WORK REQUEST:
The result is the exact lines from the one containing "2023下册八年级地理湘教版 第五章 过关检测卷" through the final line of the entries; leave out the pictures.

INFORMATION SHOWN:
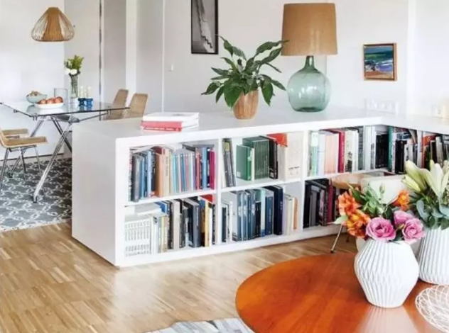 餐廳和客廳之間放個(gè)矮柜也能藏書。伸手想拿遙控器?還是先看幾頁書吧!
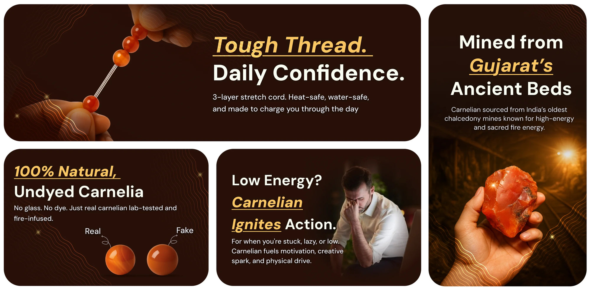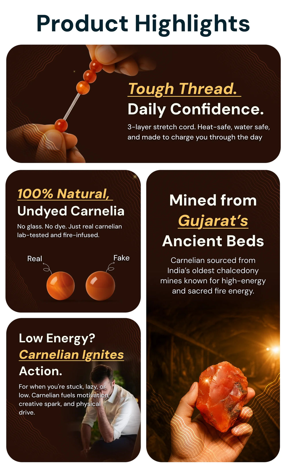 This Carnelian Bracelet is linked with courage, confidence, and action. It is best for days when you need a push. The warm red carnelian crystal bracelet helps you if you’re tired of overthinking and want to actually start doing things. Wear the red carnelian bracelet as a daily reminder to show up bold and focused.
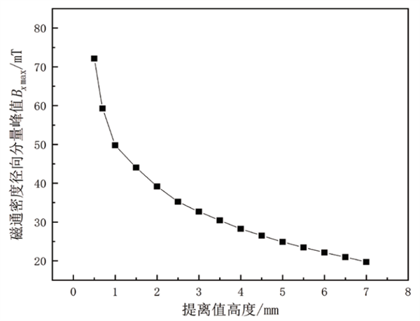 圖 4 不同提離值時(shí)磁通密度徑向分量的峰值
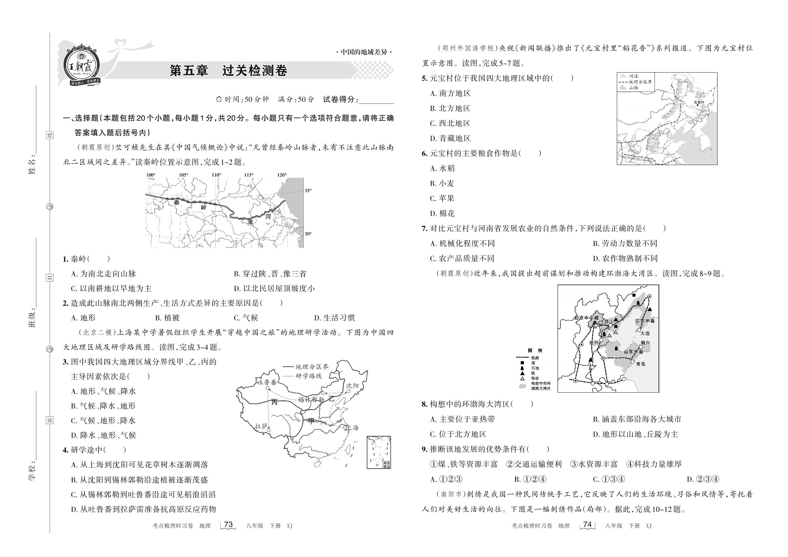 2023下册八年级地理湘教版 第五章 过关检测卷
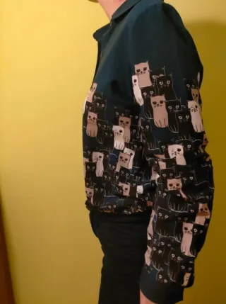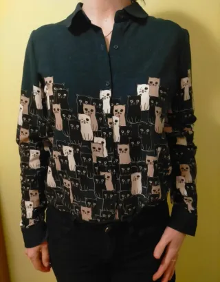 Blusa de manga larga con un divertido estampado de gatos en tonos beige y negro. El cuello es de blusa y tiene cierre de botones. - Diseño de gatos en toda la prenda. - Cuello camisero. - Cierre frontal con botones. Bien conservada, tiene un estampado que enamora, gatitos de diferentes colores que algunos guiñan un ojo. Azul marino y todos crema. No necesita plancha.
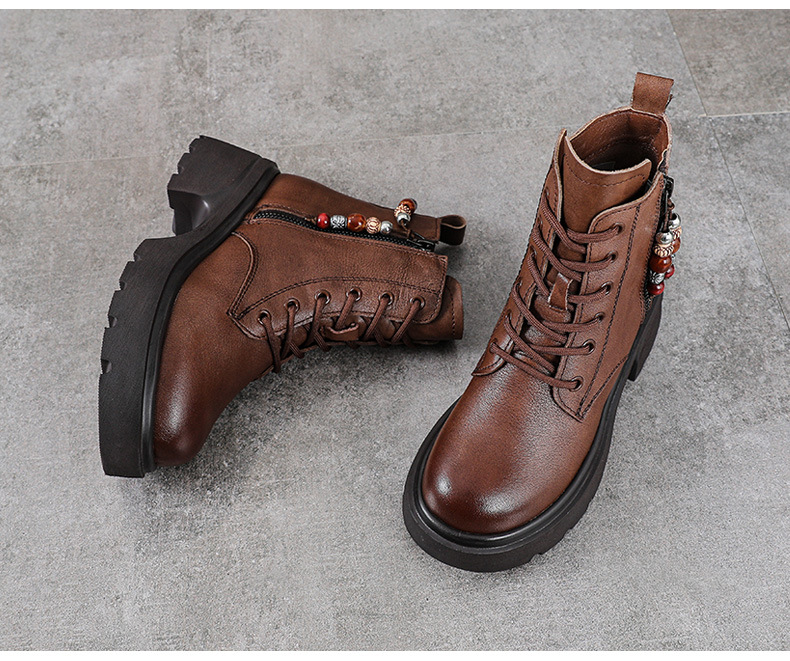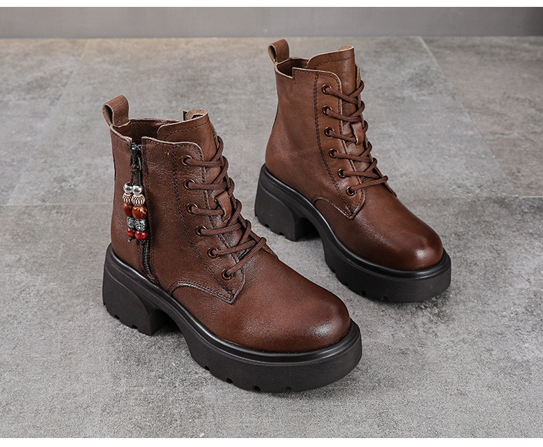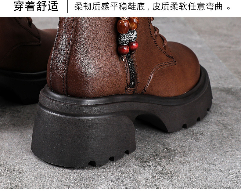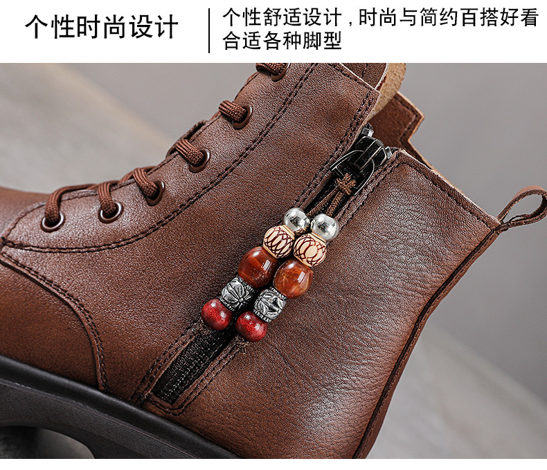 YR 2938真皮厚底复古马丁靴民族风高跟棉靴短靴 商品图4

RESPONSE TO THE TASK:
 2023下册八年级地理湘教版 第五章 过关检测卷
 Blusa de manga larga con un divertido estampado de gatos en tonos beige y negro. El cuello es de blusa y tiene cierre de botones. - Diseño de gatos en toda la prenda. - Cuello camisero. - Cierre frontal con botones. Bien conservada, tiene un estampado que enamora, gatitos de diferentes colores que algunos guiñan un ojo. Azul marino y todos crema. No necesita plancha.
 YR 2938真皮厚底复古马丁靴民族风高跟棉靴短靴 商品图4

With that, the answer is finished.